In the records below, reproduce exactly the lines from the one containing "365Scores’a verdiği röportajda" through the one containing "第一次吃到这么难吃的玉米。每", both included, and omit the pictures.

- Opening Delimiter -

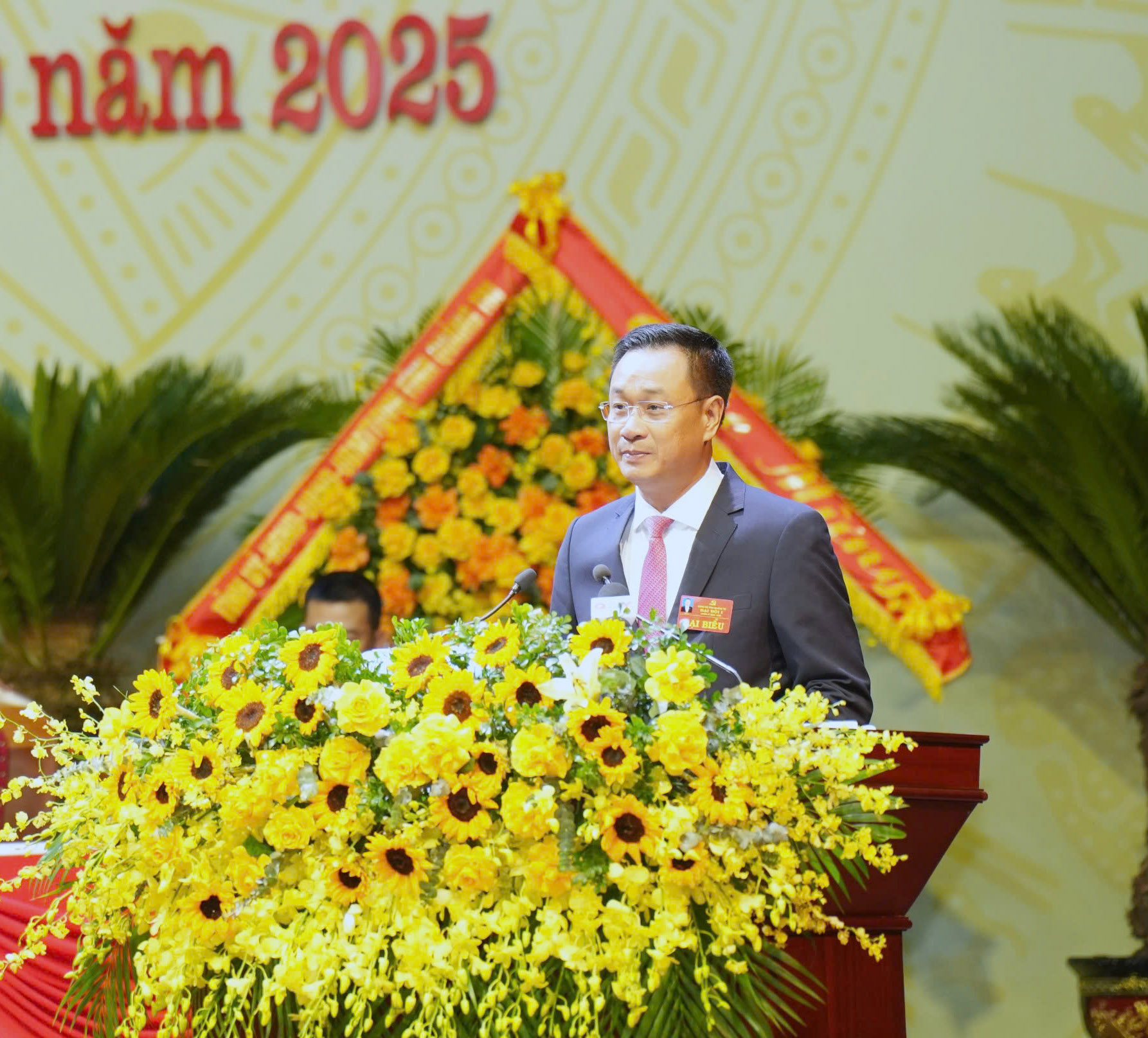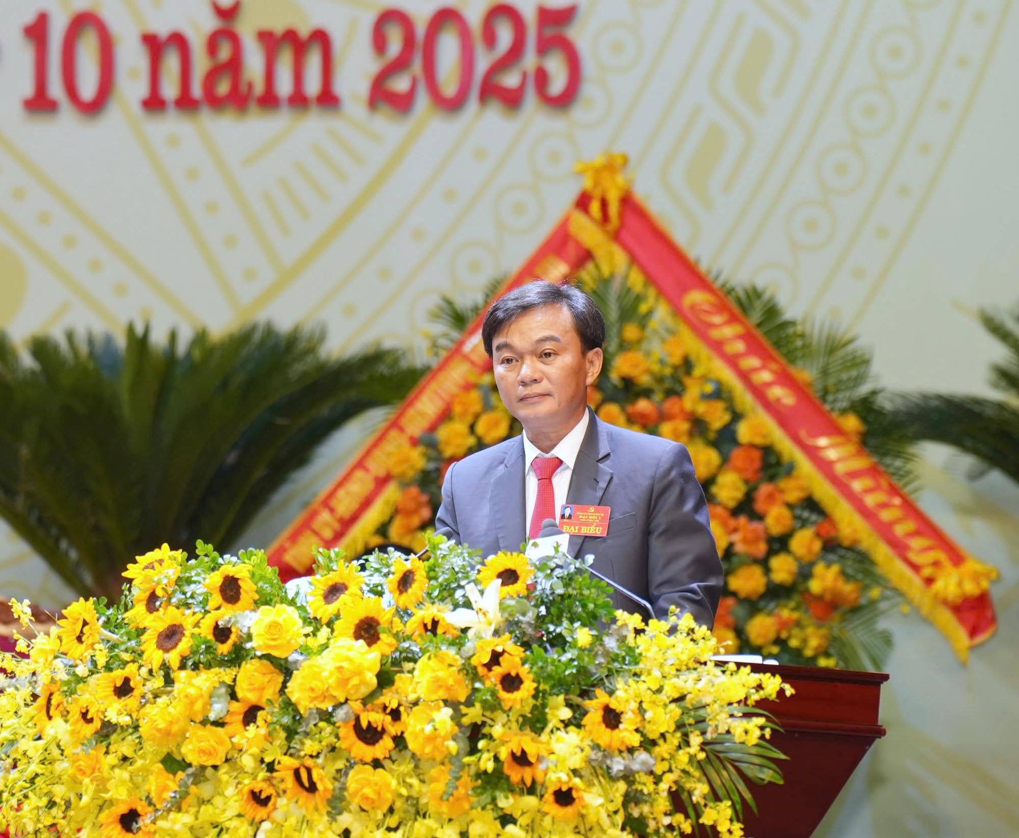 Đồng chí Nguyễn Hoài Nam, Tỉnh ủy viên, Chánh Văn phòng UBND tỉnh, Trưởng Đoàn Thư ký Đại hội trình bày dự thảo Nghị quyết Đại hội Đảng bộ tỉnh lần thứ I, nhiệm kỳ 2025 - 2030
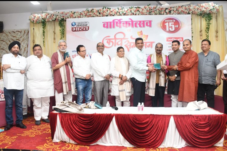 मुंबई: राष्ट्रीय हिंदी साप्ताहिक समाचार पत्र 'संगठन भारत' की 15 वीं वर्षगांठ पर कवि सम्मेलन व सम्मान समारोह का आयोजन कांदिवली पश्चिम के हर्ष क्लासिक बैंक्वेट में किया गया।
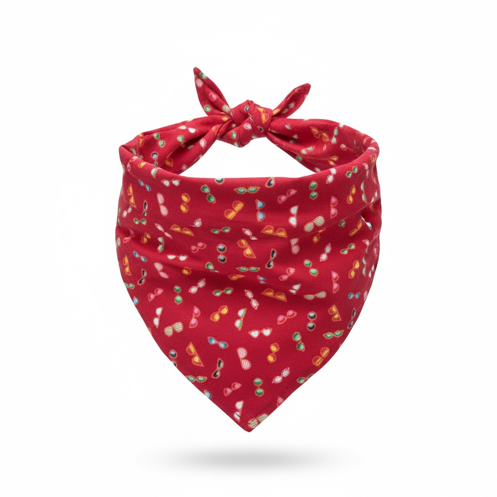 -Bandana Print: Red color with sunglasses, Cotton fabric.
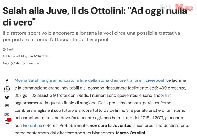 365Scores’a verdiği röportajda konuya açıklık getiren Ottolini, “Salah’ı transfer etmek için yürütülen görüşmeler olduğu yönündeki haberler doğru değil. Şu anda bu konuyla ilgili hiçbir şey yok.” ifadelerini kullandı.
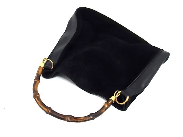 1円 GUCCI グッチ 001 3754 1577 バンブー スエード×レザー 2WAY ショルダー ハンドバッグ レディース ブラック系 BN6282
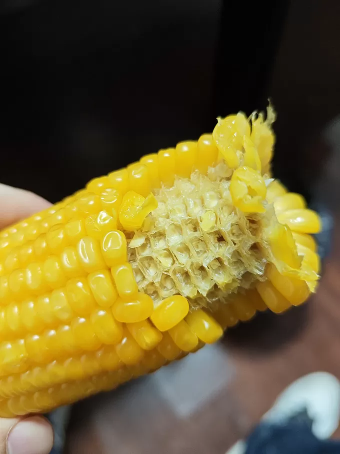 第一次吃到这么难吃的玉米。每一口下去,玉米都很硬。一点也不黏,也不甜。嚼起来就像很老的玉米。外包装纸盒说生产日期是十一月十一号。我看就是去年或者上半年生产的玉米。都老掉牙了!干巴巴的难吃,没有一点玉米味。蒸了二十分钟。最后吃了几口丢垃圾桶了!总感觉有一点怪味。反正是不新鲜。问客服,就说核实过了。产品没问题。这个有大问题,11.10买的,11.11外面纸盒包装生产日期。里面玉米密封袋没有写生产日期。也不知道啥时候密封的。外面包装有一层灰,不知道囤多久了。只能说玉米是足够分量。就是难吃不新鲜不好吃。外包装盒子有一点臭。是回收材料?
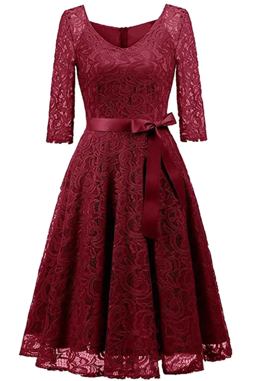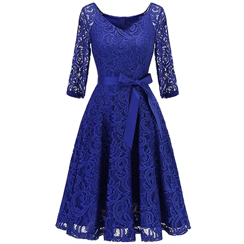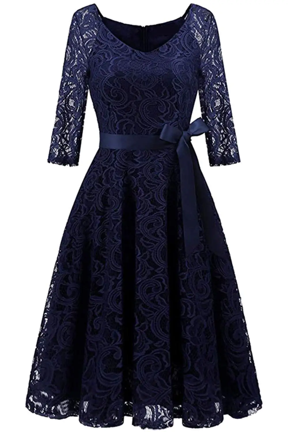 Элегантное Королевское синее кружевное короткое вечернее платье с V-образным вырезом, рукавом до локтя, а-силуэт, вечернее платье с поясом
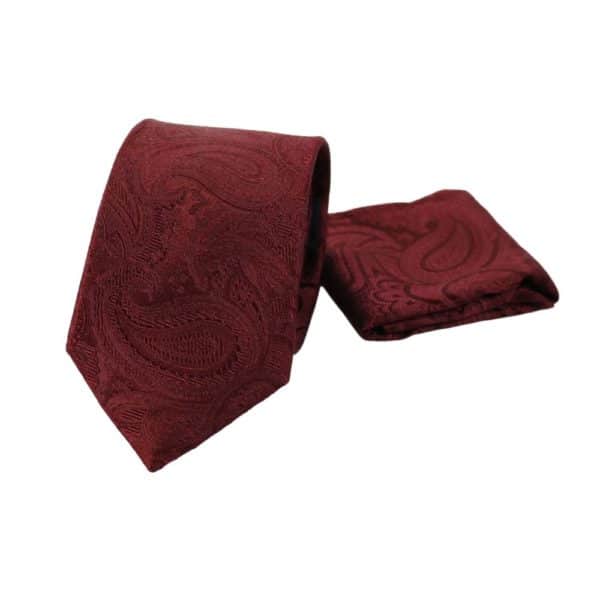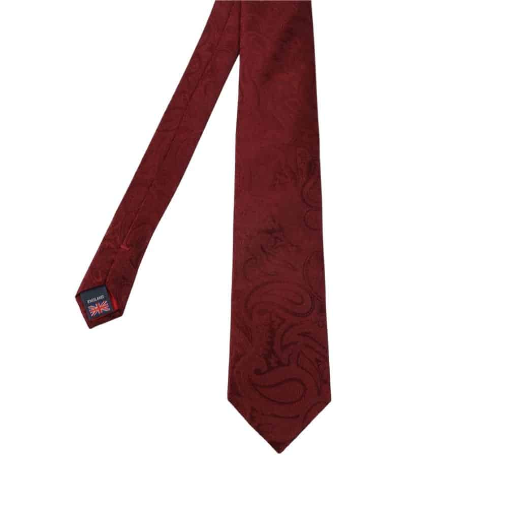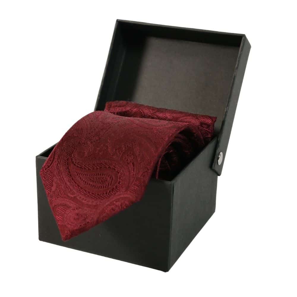 Warwicks Paisley Tie Box Set in Burgundy. This box set features a silk tie and matching pocket square. The tie has a jacquard knit paisley pattern in tonal colours for added detail. Made in England and comes presented in a box so is a great gift and accompaniment to outfits for formal occasions.
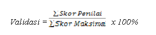 Untuk mengetahui apakah materi yang disajikan dalam media pembelajaran animasi audio visuak yang dikembangankan telah memenuhi kriteria valid digunakan persamaan sebagai berikut:
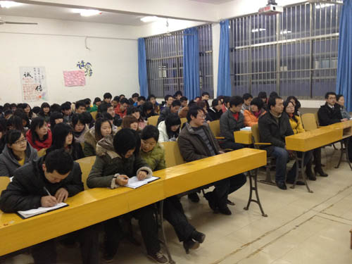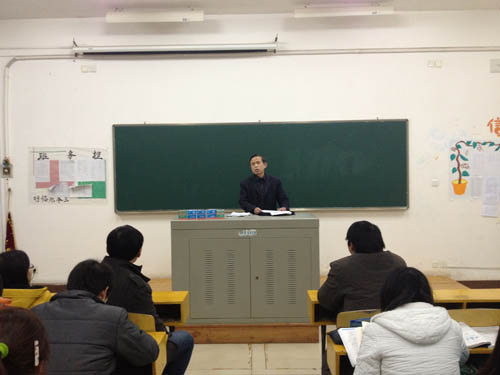 随后,活动小组成员来到7-501,再次观摩了由11级临床本科一班班主任王孝才主持的班会点评。王老师针对班干部反映出的主要问题,结合每位同学上学期的总结,重点强调了老员工心理危机干预的重要性。他希望大家能够互相关爱,共同创造一方健康纯净的心灵净土。在讨论阶段,王老师和大家分享了一篇来自北大董事长周其凤与湖南大学员工交流的文字——《关于优秀员工的衡量标准》。他指出,大学里有很多可以利用的资源,除了图书馆和实验室之外,任课教师就是最便捷的资源。老员工只有“培养、锻炼、造就自己”,才能最终收获“做人的态度,想问题的思路,解释问题的方法”。王老师由此延伸到了目标与实践的探讨,分别在事业、学业、人际、文体四个方面提出了独到的培养方法。他说:“每个同学都必须设立清醒的目标,这个目标就是志向。有了目标就不怕路途遥远,而缺乏目标的人就像大海中没有罗盘,无法正确驶向彼岸。”王老师还强调了实践的重要性,没有身体力行,目标都是空中楼阁,纸上谈兵。

- Closing Delimiter -

Answer space:
 365Scores’a verdiği röportajda konuya açıklık getiren Ottolini, “Salah’ı transfer etmek için yürütülen görüşmeler olduğu yönündeki haberler doğru değil. Şu anda bu konuyla ilgili hiçbir şey yok.” ifadelerini kullandı.
 1円 GUCCI グッチ 001 3754 1577 バンブー スエード×レザー 2WAY ショルダー ハンドバッグ レディース ブラック系 BN6282
 第一次吃到这么难吃的玉米。每一口下去,玉米都很硬。一点也不黏,也不甜。嚼起来就像很老的玉米。外包装纸盒说生产日期是十一月十一号。我看就是去年或者上半年生产的玉米。都老掉牙了!干巴巴的难吃,没有一点玉米味。蒸了二十分钟。最后吃了几口丢垃圾桶了!总感觉有一点怪味。反正是不新鲜。问客服,就说核实过了。产品没问题。这个有大问题,11.10买的,11.11外面纸盒包装生产日期。里面玉米密封袋没有写生产日期。也不知道啥时候密封的。外面包装有一层灰,不知道囤多久了。只能说玉米是足够分量。就是难吃不新鲜不好吃。外包装盒子有一点臭。是回收材料?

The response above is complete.